=== Begin Enclosure ===

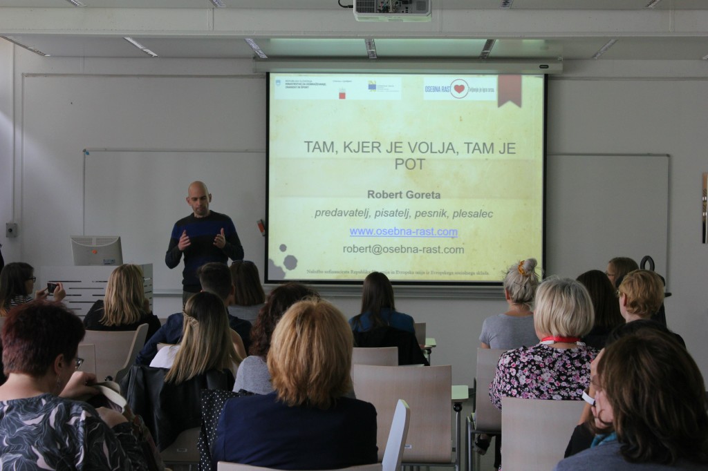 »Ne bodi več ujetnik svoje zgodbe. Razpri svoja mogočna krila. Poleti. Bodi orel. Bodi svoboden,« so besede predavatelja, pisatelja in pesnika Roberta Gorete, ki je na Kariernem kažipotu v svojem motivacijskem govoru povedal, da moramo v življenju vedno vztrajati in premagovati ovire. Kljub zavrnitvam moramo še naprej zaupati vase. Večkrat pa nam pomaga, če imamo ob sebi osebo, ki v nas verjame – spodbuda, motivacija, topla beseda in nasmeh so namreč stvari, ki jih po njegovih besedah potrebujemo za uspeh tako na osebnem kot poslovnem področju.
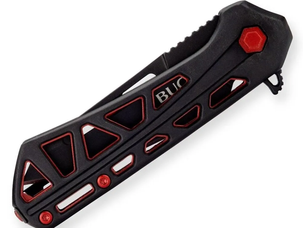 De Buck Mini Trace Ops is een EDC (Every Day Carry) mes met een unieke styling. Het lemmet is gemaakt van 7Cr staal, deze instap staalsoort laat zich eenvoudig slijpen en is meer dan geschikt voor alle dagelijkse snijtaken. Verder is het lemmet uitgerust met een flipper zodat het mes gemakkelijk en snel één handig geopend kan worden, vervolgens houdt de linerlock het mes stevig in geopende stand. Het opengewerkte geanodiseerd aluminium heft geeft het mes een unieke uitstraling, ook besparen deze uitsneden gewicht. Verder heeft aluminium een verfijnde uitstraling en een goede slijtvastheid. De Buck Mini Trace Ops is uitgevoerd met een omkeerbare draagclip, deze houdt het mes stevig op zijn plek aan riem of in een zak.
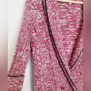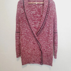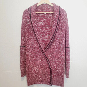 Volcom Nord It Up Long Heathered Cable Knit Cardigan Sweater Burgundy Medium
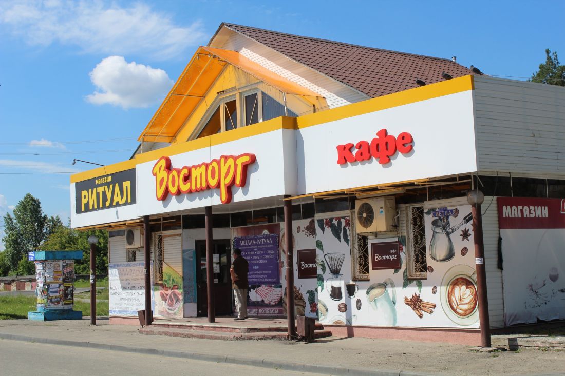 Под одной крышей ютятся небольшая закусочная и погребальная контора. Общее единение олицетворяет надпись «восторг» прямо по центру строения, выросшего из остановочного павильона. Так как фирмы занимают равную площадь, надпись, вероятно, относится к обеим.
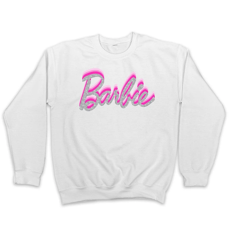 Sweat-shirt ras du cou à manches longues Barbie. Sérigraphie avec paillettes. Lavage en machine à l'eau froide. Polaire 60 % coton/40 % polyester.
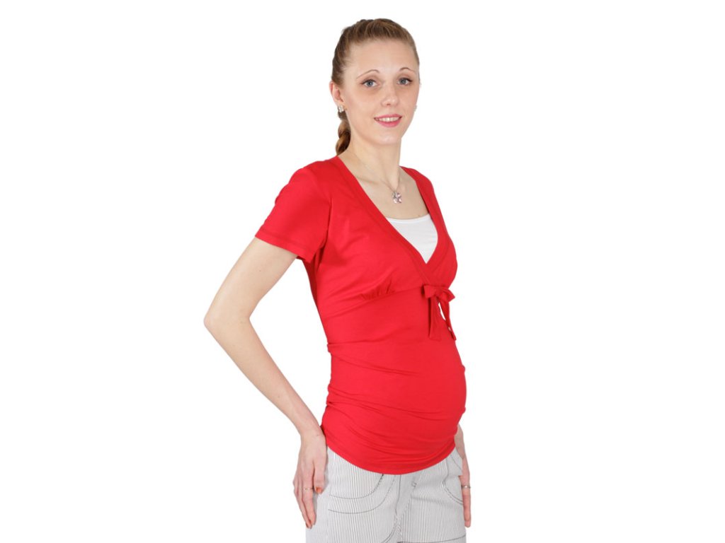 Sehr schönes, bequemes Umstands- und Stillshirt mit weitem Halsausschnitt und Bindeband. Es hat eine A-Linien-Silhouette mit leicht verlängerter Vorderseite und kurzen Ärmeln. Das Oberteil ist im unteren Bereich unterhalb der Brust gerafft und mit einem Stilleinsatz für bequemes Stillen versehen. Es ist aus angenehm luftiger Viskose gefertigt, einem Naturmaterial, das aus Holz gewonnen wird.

=== End Enclosure ===
=== Begin Enclosure ===

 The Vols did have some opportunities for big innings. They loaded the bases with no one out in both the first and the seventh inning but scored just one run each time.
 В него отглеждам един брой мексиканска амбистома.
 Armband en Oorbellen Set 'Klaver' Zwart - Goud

=== End Enclosure ===

**PROBLEM REQUIREMENTS**
Nothing but the lines from the one containing "kot poslovnem področju." through the one containing "Volcom Nord It" should appear, copied exactly from the material above and without pictures.

**COMPLETED TASK**
 »Ne bodi več ujetnik svoje zgodbe. Razpri svoja mogočna krila. Poleti. Bodi orel. Bodi svoboden,« so besede predavatelja, pisatelja in pesnika Roberta Gorete, ki je na Kariernem kažipotu v svojem motivacijskem govoru povedal, da moramo v življenju vedno vztrajati in premagovati ovire. Kljub zavrnitvam moramo še naprej zaupati vase. Večkrat pa nam pomaga, če imamo ob sebi osebo, ki v nas verjame – spodbuda, motivacija, topla beseda in nasmeh so namreč stvari, ki jih po njegovih besedah potrebujemo za uspeh tako na osebnem kot poslovnem področju.
 De Buck Mini Trace Ops is een EDC (Every Day Carry) mes met een unieke styling. Het lemmet is gemaakt van 7Cr staal, deze instap staalsoort laat zich eenvoudig slijpen en is meer dan geschikt voor alle dagelijkse snijtaken. Verder is het lemmet uitgerust met een flipper zodat het mes gemakkelijk en snel één handig geopend kan worden, vervolgens houdt de linerlock het mes stevig in geopende stand. Het opengewerkte geanodiseerd aluminium heft geeft het mes een unieke uitstraling, ook besparen deze uitsneden gewicht. Verder heeft aluminium een verfijnde uitstraling en een goede slijtvastheid. De Buck Mini Trace Ops is uitgevoerd met een omkeerbare draagclip, deze houdt het mes stevig op zijn plek aan riem of in een zak.
 Volcom Nord It Up Long Heathered Cable Knit Cardigan Sweater Burgundy Medium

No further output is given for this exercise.